Florida, where the Parkland shooting unfolded, also strengthened its gun laws after the massacre. It raised the minimum age for purchasing guns from 18 to 21, implemented a three-day waiting period for firearm purchases, and created the Office of Safe Schools to combat gun violence on school campuses.

Many of the state gun control laws passed since Parkland resemble one another. For instance, Delaware, Florida, Illinois, Massachusetts, New Jersey, Maryland, Rhode Island, and Vermont all passed laws that, in one way or another, make it easier for family members or police to petition for the seizure of guns from dangerous individuals. Kansas, California, New York, Louisiana, Pennsylvania, Tennessee, Utah, and Vermont all implemented or expanded restrictions on gun ownership for people with domestic violence convictions. New Jersey, Vermont, and South Dakota all expanded mandatory background checks in one form or another.

But while many states moved to restrict gun access after Parkland, some states expanded it. A few states, like Louisiana, did both simultaneously.

Alabama, which according to the CDC has the highest rate of gun deaths in the country, responded to Parkland by banning sheriffs' from putting restrictions on pistol permits and allowing retired law enforcement officers to carry guns in some places where they'd otherwise be prohibited, according to the Associated Press. Arizona exempted all state and federal law enforcement officers from existing restrictions on gun possession, while Louisiana passed a law explicitly allowing concealed carry permit-holders to have guns within 1,000 feet of schools.

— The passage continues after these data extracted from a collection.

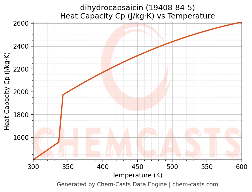 - Specific heat capacity (Cp) indicates the amount of energy required to raise the temperature of dihydrocapsaicin and is critical for energy balance and heat-exchanger design.
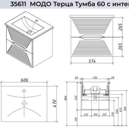 Тумба подвесная Caprigo Modo Terza 60 35611-SF024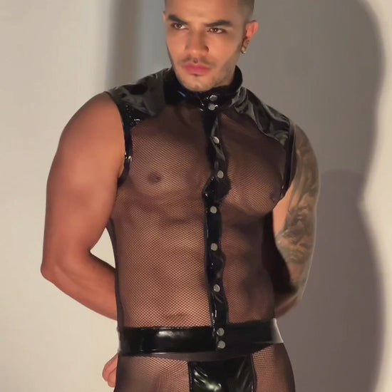 Gentsuit - 2 Pcs Black Open-Button Fishnet Men Costume with Sexy Underwear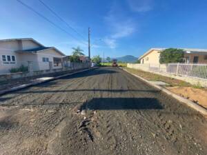 No último mês foram finalizadas as obras de drenagem, meio-fio e base para pavimentação. O próximo passo será a liberação dos equipamentos do CINFRA para pavimentação asfáltica.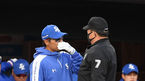 [OSEN=부산, 민경훈 기자] 23일 오후 부산 사직구장에서 롯데 자이언츠와 삼성 라이온즈의 연습경기가 열렸다. 3회초 문승훈 구심이 삼성 코치진들에게 복장에 대해 주의를 주고 있다. / rumi@osen.co.kr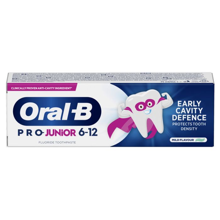 Oral-B Junior Toothpaste for kids 6-12 years 75 ml се грижи за почистването на нежните млечни зъби на децата, предпазва ги от бактерии и плака и от образуването на кариеси. Орал-Б Джуниър се отличава с гелообразна, лесна за употреба текстура и с приятен плодов вкус, любим на децата. Подходяща за употреба от деца над 6-годишна възраст.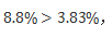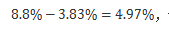 =4.8%-0.12%=4.68%,B項(xiàng)最為接近,故本題選擇B選項(xiàng)。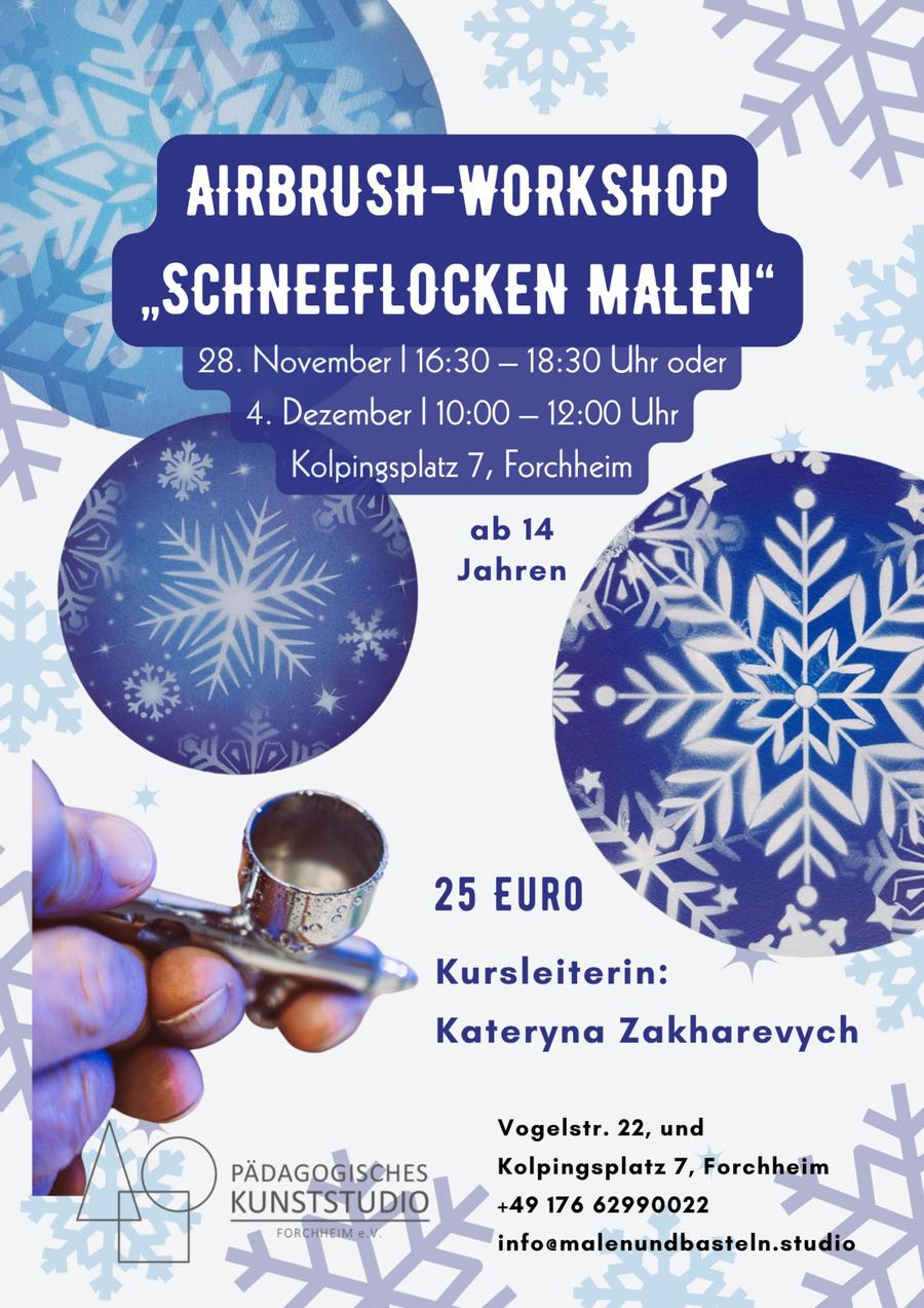 In diesem Workshop zauberst du mit Schablonen und Airbrush-Pistole funkelnde Schneeflocken auf deine eigene Leinwand. Perfekt zum Verschenken oder als Deko für die Weihnachtszeit.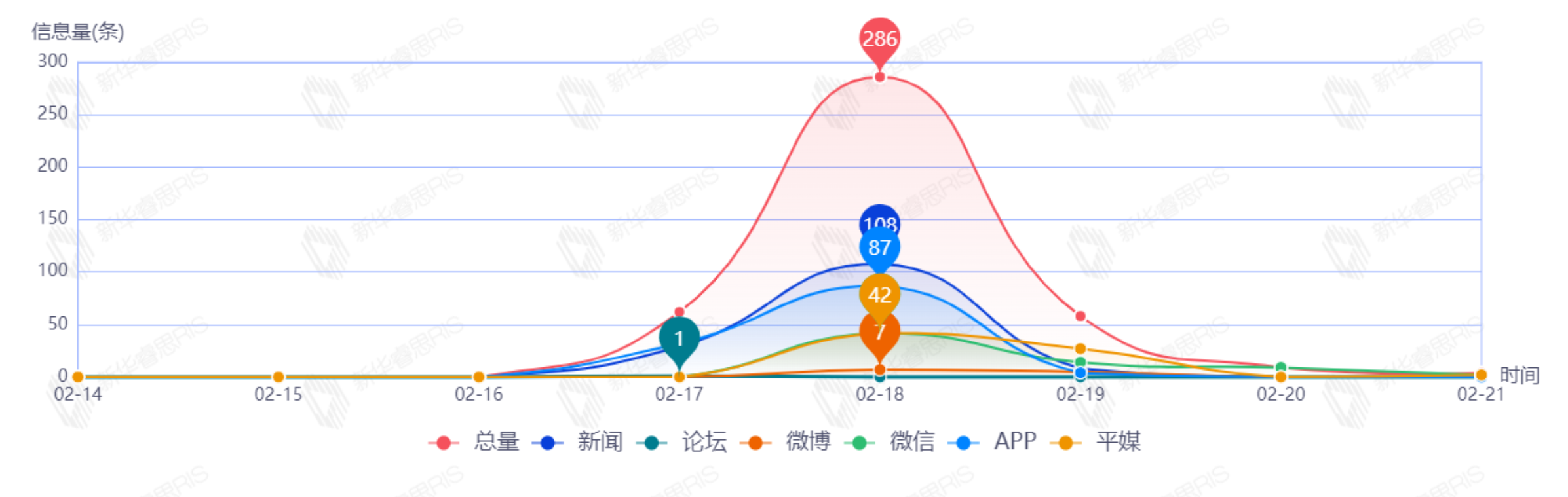 截至目前,该文章在互联网上传播总量为419篇,其中2月18日是信息发布的高峰期,发布信息量为286篇。各信源的信息发布情况中,新闻信息占比最大,其次是APP和平媒,信息量分别为145篇、123篇、71篇,占比分别为34.61%、29.36%、16.95%。(数据来源:新华睿思系统)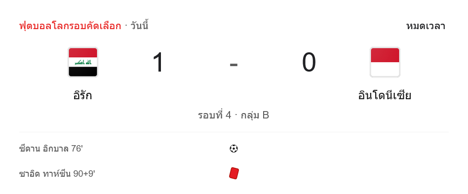เกมดราม่าระอุในศึก ฟุตบอลโลก รอบคัดเลือก โซนเอเชีย กลุ่ม B เมื่อ อิรัก เปิดบ้านเฉือนเอาชนะ อินโดนีเซีย ไปแบบหืดจับ 1-0 จากประตูชัยของ ซีดาน อิ๊กบาล ในนาที 76 โดยเกมนี้แม้อินโดนีเซียจะมีสถิติครองบอลและโอกาสยิงมากกว่า แต่เจ้าถิ่นเฉียบคมกว่าและคว้าชัยชนะไปได้สำเร็จ แฟนบอลที่ตาม ผลบอลสด คู่นี้ต่างใจเต้นไม่หยุดกับความเข้มข้นตลอด 90 นาที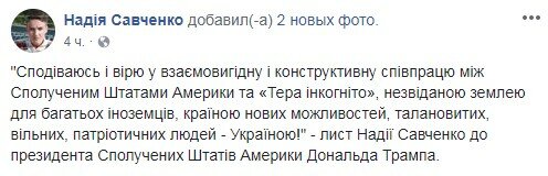 Народный депутат Надежда Савченко, которую подозревают в подготовке терактов и свержения государственной власти, написала письмо президенту США Дональду Трампу. Об этом нардеп сообщила в Facebook.

In one of the more unique gun laws passed after Parkland, Iowa now allows holders of concealed carry permits to openly carry loaded guns in snowmobiles and ATVs.

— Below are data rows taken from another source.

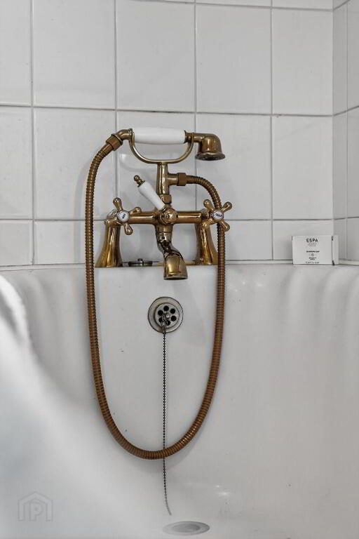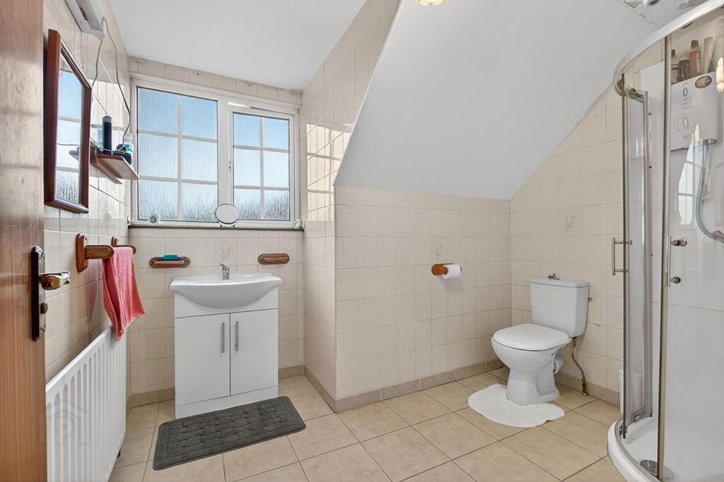 - Wash hand basin. WC. Separate shower. Tiled walls. Tiled floor.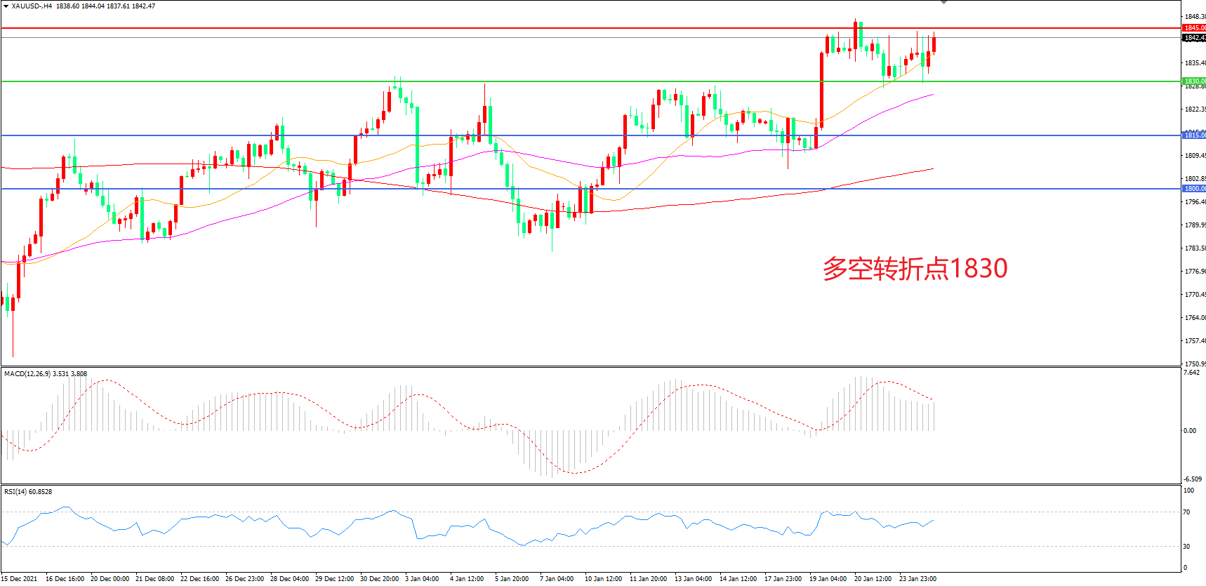 交易策略:在1830.00之上看涨,目标1845.00       1860.00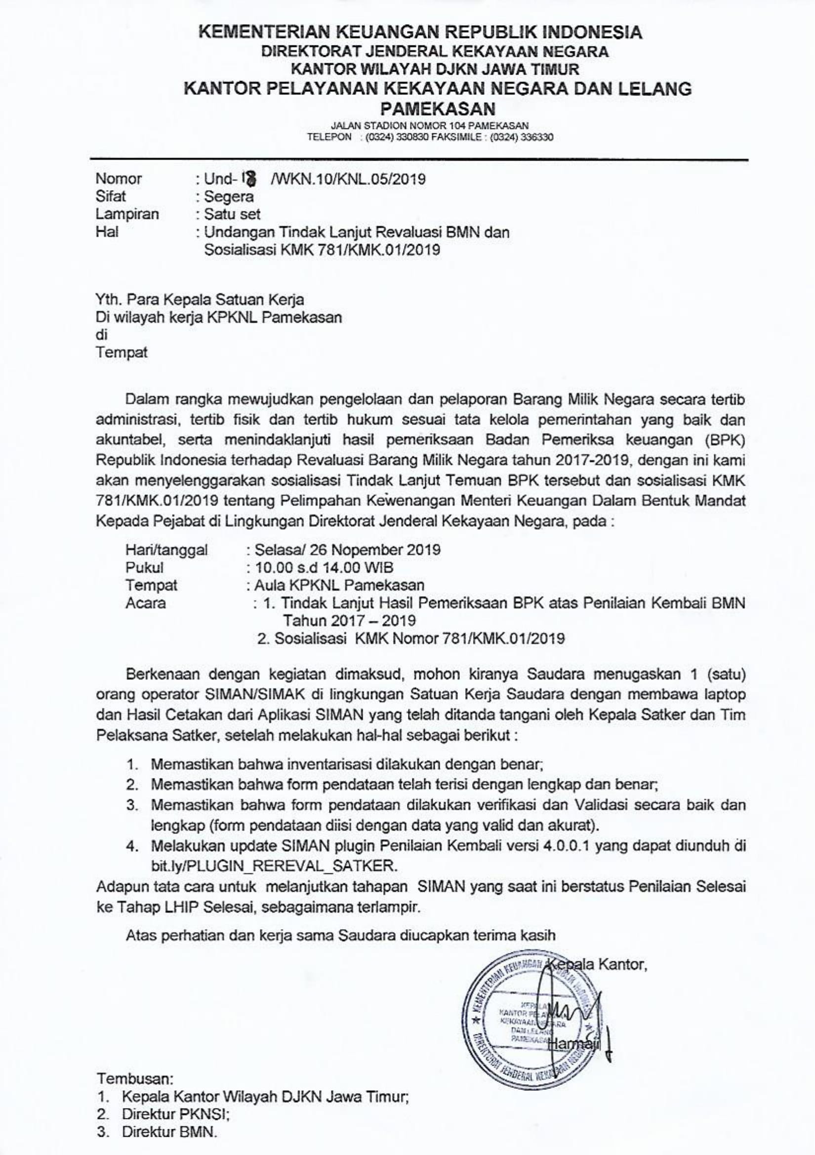 Undangan Tindak Lanjut Revaluasi BMN dan Sosialisasi KMK 781/KMK.01/2019

Lastly, it's worth noting that in December, President Trump signed an executive order banning bump stocks. This wasn't technically a new law per se but rather a change in how the federal government interprets existing law. Several states also banned bump stocks earlier in the year at the legislative level, although those prohibitions became redundant when Trump signed the executive order.

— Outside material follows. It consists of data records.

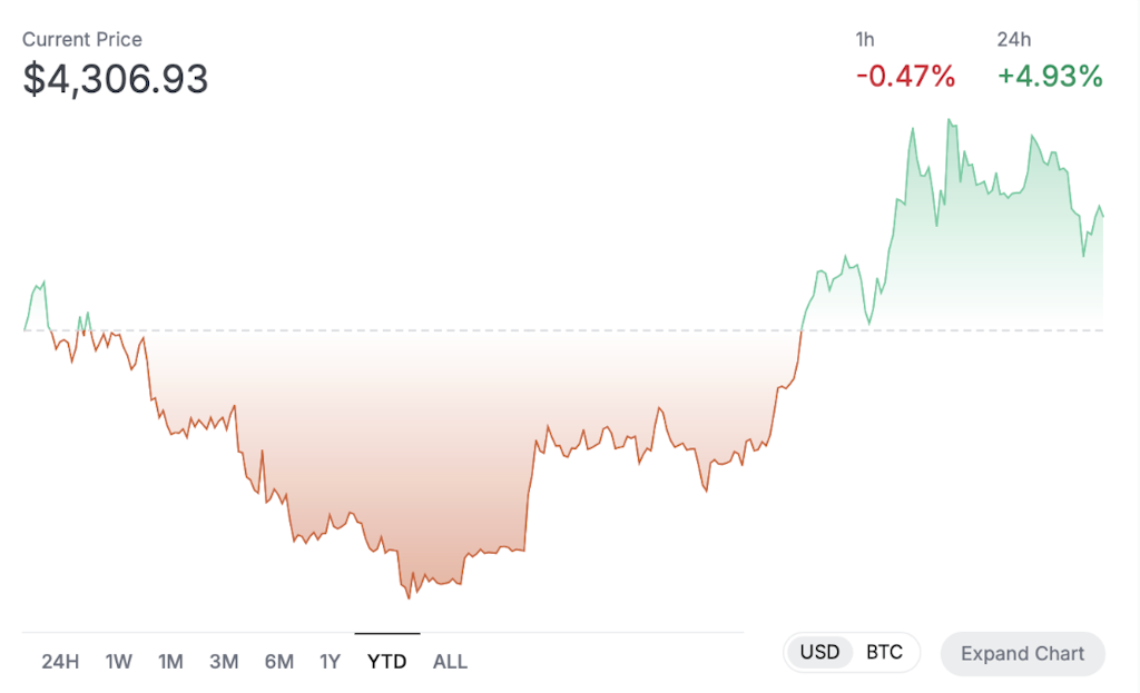 Ether, which dipped to ~$3,800 last week, climbed above $4,300 today (12% off its all-time high). Though the asset has grown 30% so far in 2025, ETH has not, on average, seen the gains BTC has in October (+4.7% vs. BTC’s +20.4%).
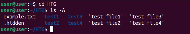在开始计算文件数之前,让我们使用 ls 命令列出 ~/HTG 目录中的实际文件。这里我们总共有十个文件,包括〜/HTG主目录中的四个子目录。有 1 个隐藏文件、1 个文本文件和 4 个测试文件。
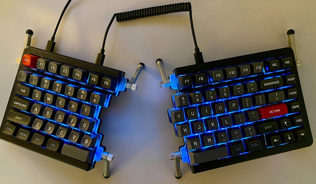 This is a Sync Rev2 from early 2021. I love it, the only thing I dislike is that it is split. I saw they were offering acrylic plates/cases but they were all sold out by the time I noticed.

The Giffords Law Center, a pro-gun control advocacy group, declared 2018 a successful year for gun safety activists. In its end-of-year report, the organization celebrated the "remarkable increase in new gun safety legislation" over the course of the year, and said that "the momentum generated by the Parkland shooting is unprecedented."

"Despite the unacceptable reality that over 100,000 people are shot each year, 2019 brings renewed hope for vigorous federal and state gun violence prevention efforts and a safer future for all Americans," the organization said.